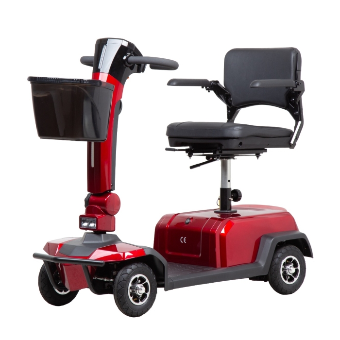Leijona 800 är smidig med sina mått på 1130 × 510 × 970 mm och väger endast 45 kg, vilket gör den enkel att hantera och transportera. Den starka ramen klarar en lastkapacitet på upp till 150 kg, och lastkorgen framtill gör att du enkelt får med dig varor eller personliga tillhörigheter. Armstöd, backväxel och en svängradie på bara 900 mm gör parkering och vändningar enkla, även i trånga utrymmen. Och självklart finns tändningslås med två nycklar för extra trygghet.
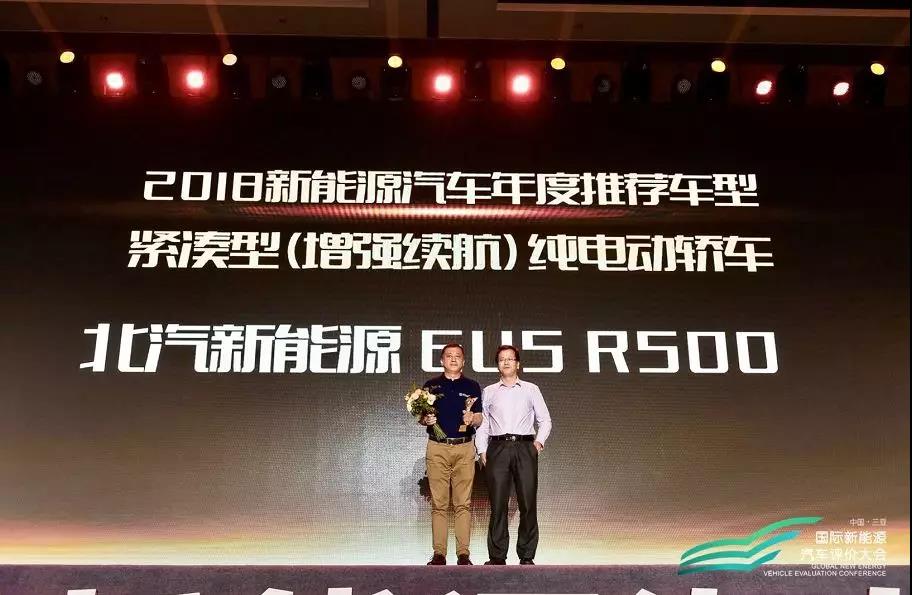 北汽新能源EU5 R500榮獲2018新能源汽車年度推薦車型緊湊型純電動轎車獎
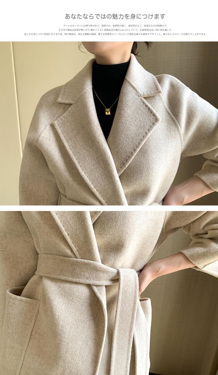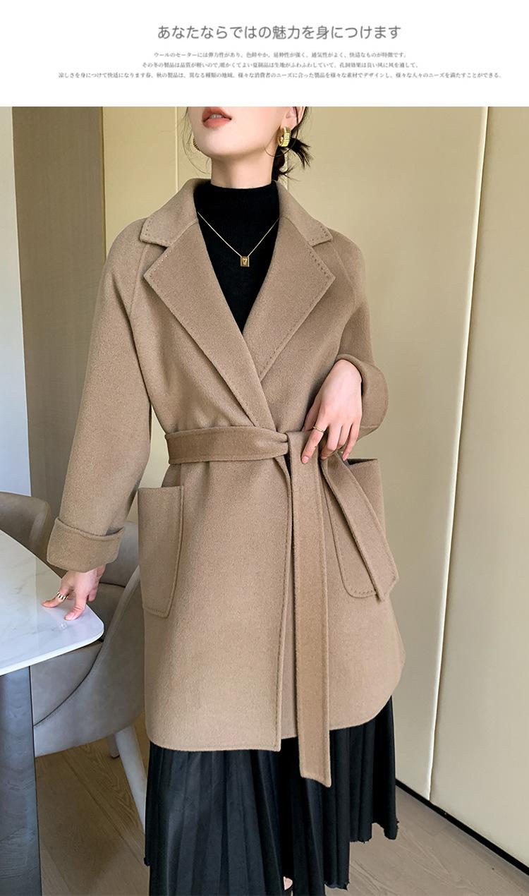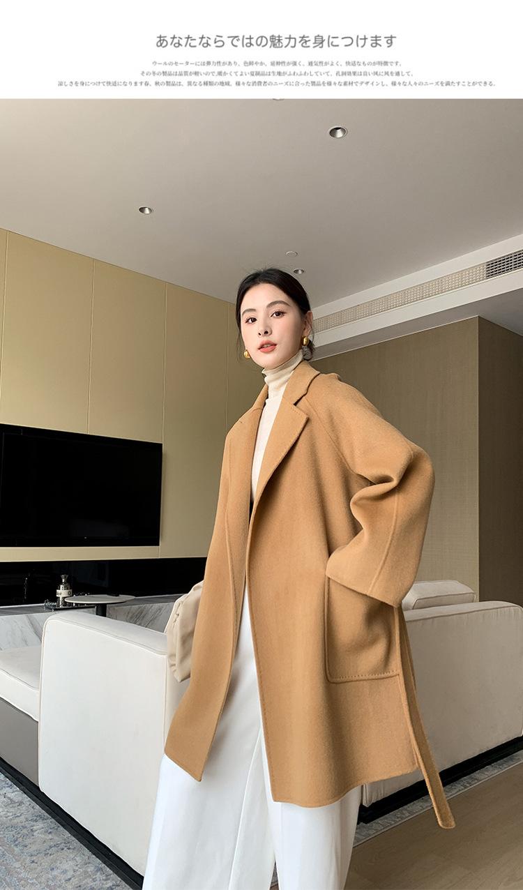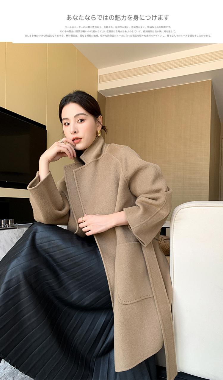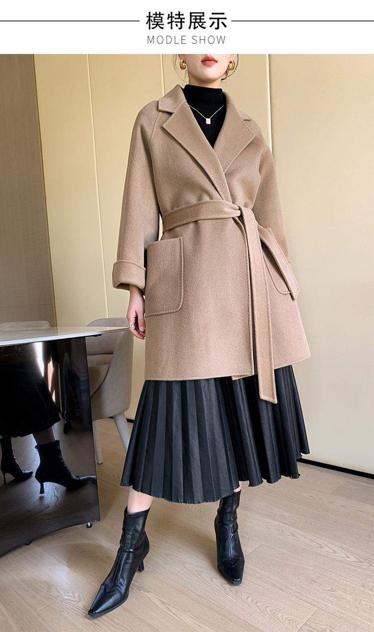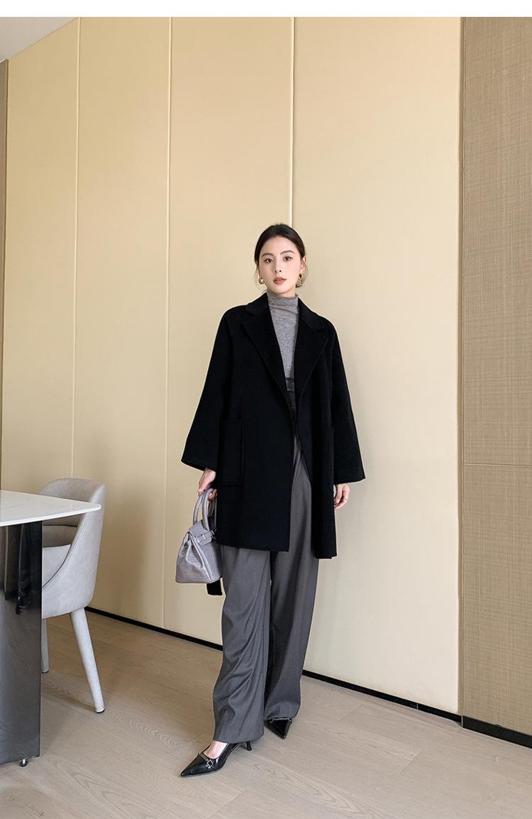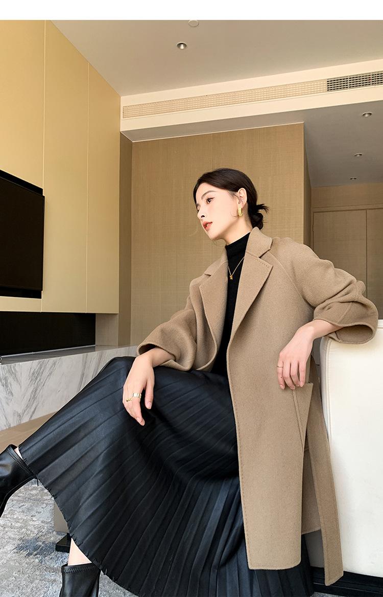 Abrigo de lana de doble cara de alta gama para mujer, otoño e invierno, nuevo, holgado, de longitud media, con cordones, 100% lana, abrigo de lana de moda
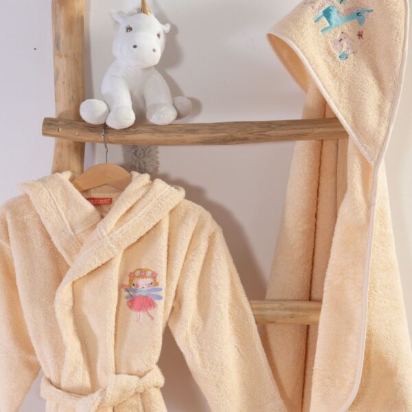 Παιδικό μπουρνούζι με κουκούλα, μονόχρωμο, με πολύ απαλή αίσθηση, που θα λατρέψει το παιδί σας. Είναι άριστης ποιότητας, με ύφασμα από 100% polyester fleece, βάρους 300gr/m2 και εξαιρετικά απορροφητικό.
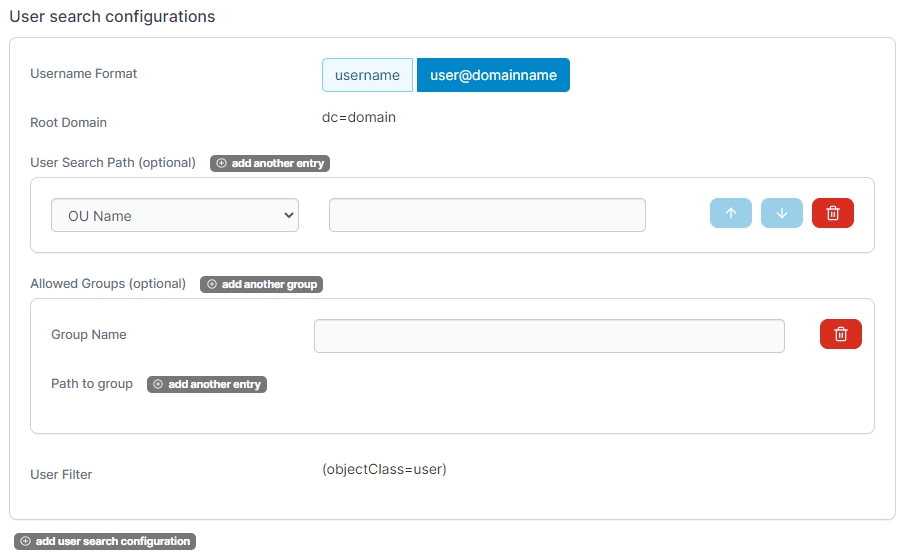 Configure the user search configurations using the table below as a guide. Click add user search configuration to set up multiple configurations.
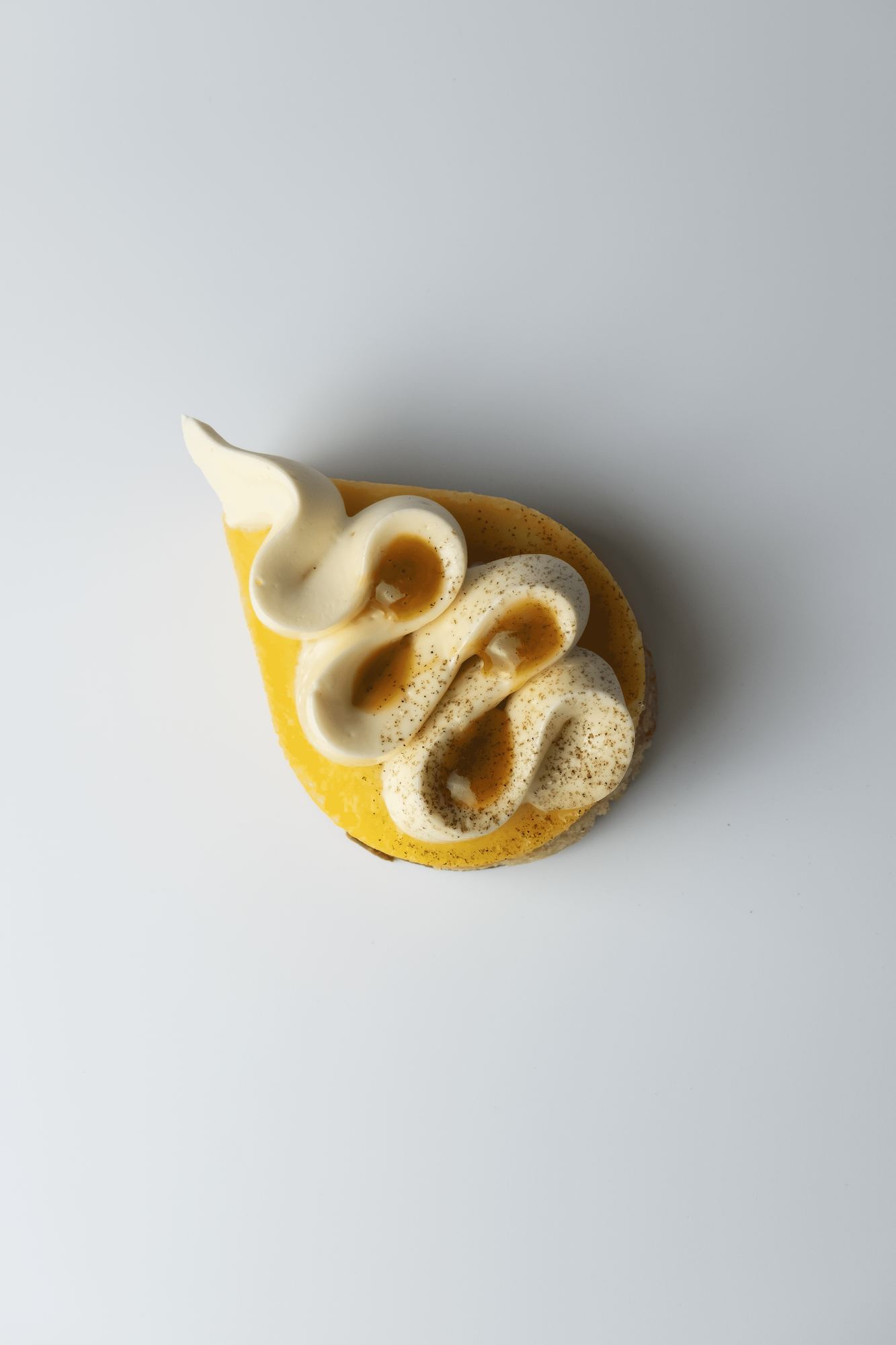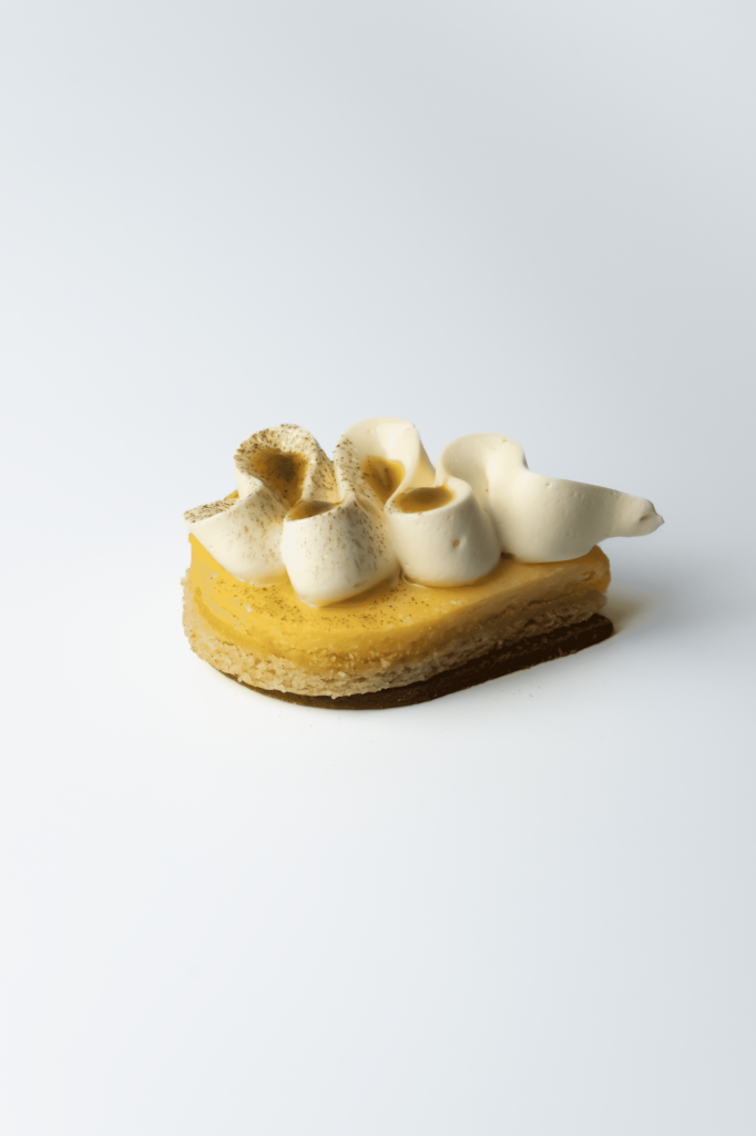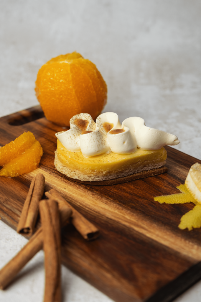 Notre interprétation des saveurs de la crème catalane : Financier à l’orange, crémeux infusion orange cannelle et citron et ganache montée agrumes.
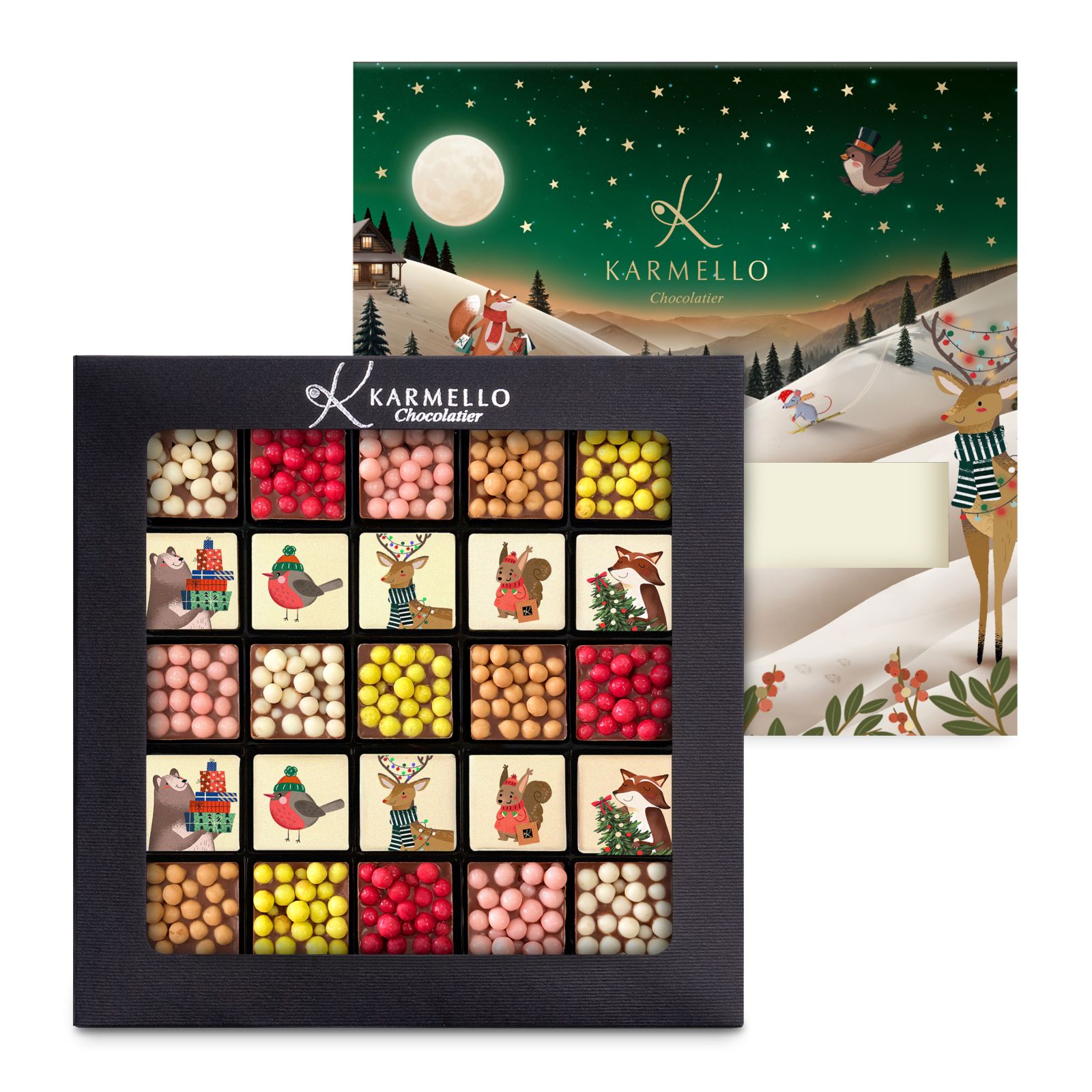 The Forest Tales collection is a chocolate journey through the festive forest – full of warmth, aromas, and the magic of winter. Inside the box, you'll find a blend of unique flavors: peanut, raspberry, strawberry, vanilla, peanut, and dandelion – combinations that envelop the senses like a soft blanket on a December evening.
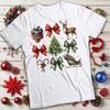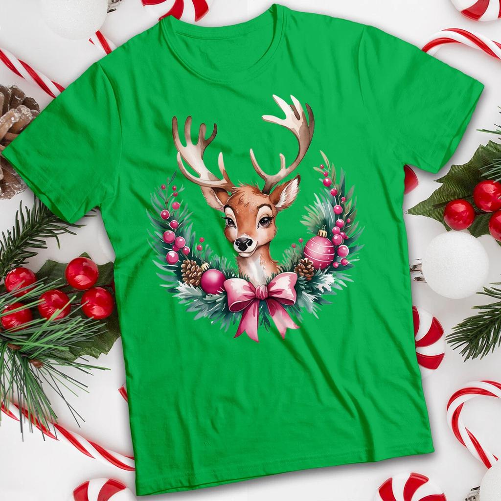 Womens Reindeer With Pink Bow Greenery Christmas T-Shirt Tee #MC
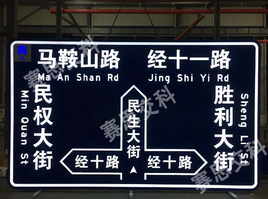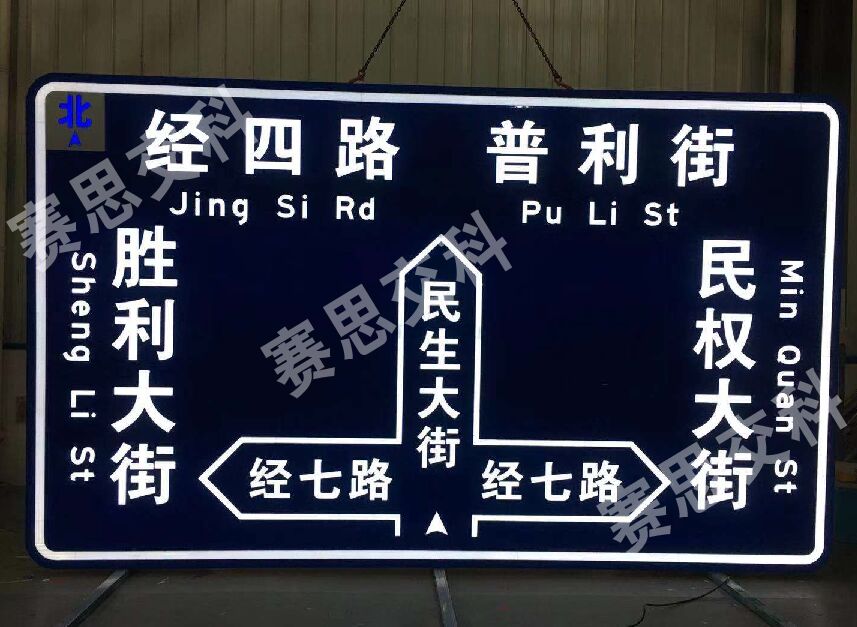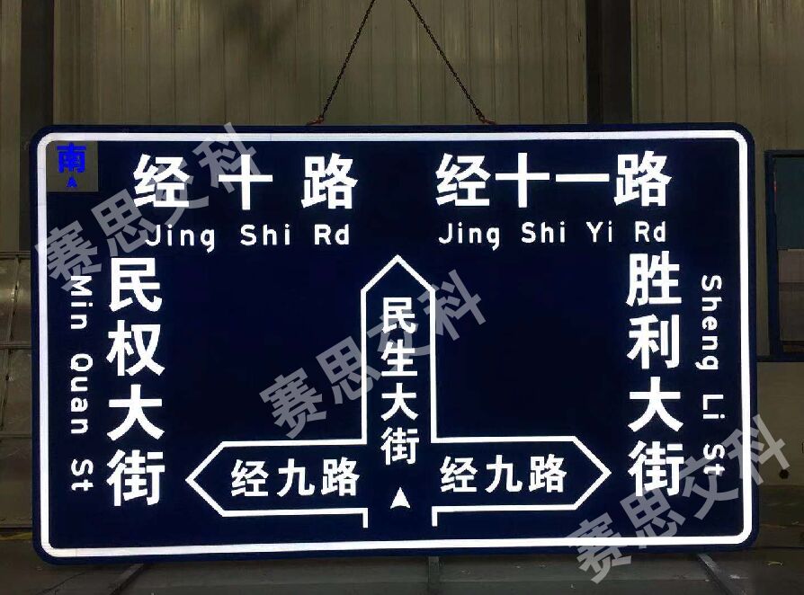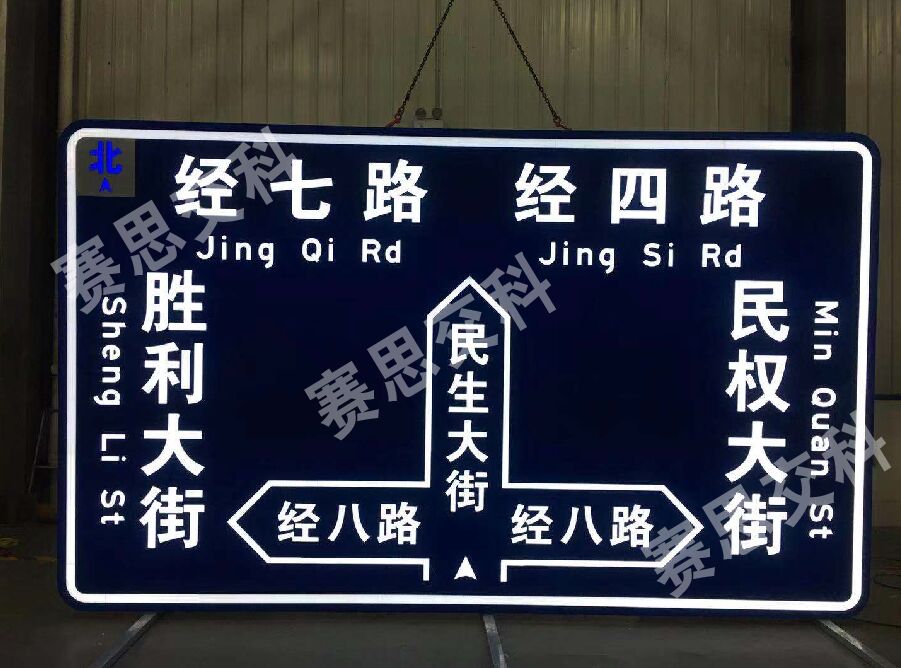 近日,濟(jì)南民生大街新添一批“半透式主動(dòng)發(fā)光指路標(biāo)志”,由南京賽思交通信息科技有限公司研制、生產(chǎn)。該標(biāo)志采用主動(dòng)發(fā)光工藝,不需要依賴(lài)外部光源照射,標(biāo)志體內(nèi)置光源投射標(biāo)志面,形成筆畫(huà)飽滿(mǎn)、對(duì)比度高的標(biāo)志發(fā)光信息,將指路標(biāo)志的交通語(yǔ)言信息在全天候展示得淋漓盡致,為整個(gè)民生大街添色不少,用主動(dòng)發(fā)光來(lái)關(guān)乎“民生”出行更加安全。

☆ ☆ ☆ ☆ ☆ ☆ ☆

Here the job is to copy the listing above word for word, starting at the line with "Παιδικό μπουρνούζι με" and ending at the line with "Notre interprétation des", and to leave out the pictures.

 Παιδικό μπουρνούζι με κουκούλα, μονόχρωμο, με πολύ απαλή αίσθηση, που θα λατρέψει το παιδί σας. Είναι άριστης ποιότητας, με ύφασμα από 100% polyester fleece, βάρους 300gr/m2 και εξαιρετικά απορροφητικό.
 Configure the user search configurations using the table below as a guide. Click add user search configuration to set up multiple configurations.
 Notre interprétation des saveurs de la crème catalane : Financier à l’orange, crémeux infusion orange cannelle et citron et ganache montée agrumes.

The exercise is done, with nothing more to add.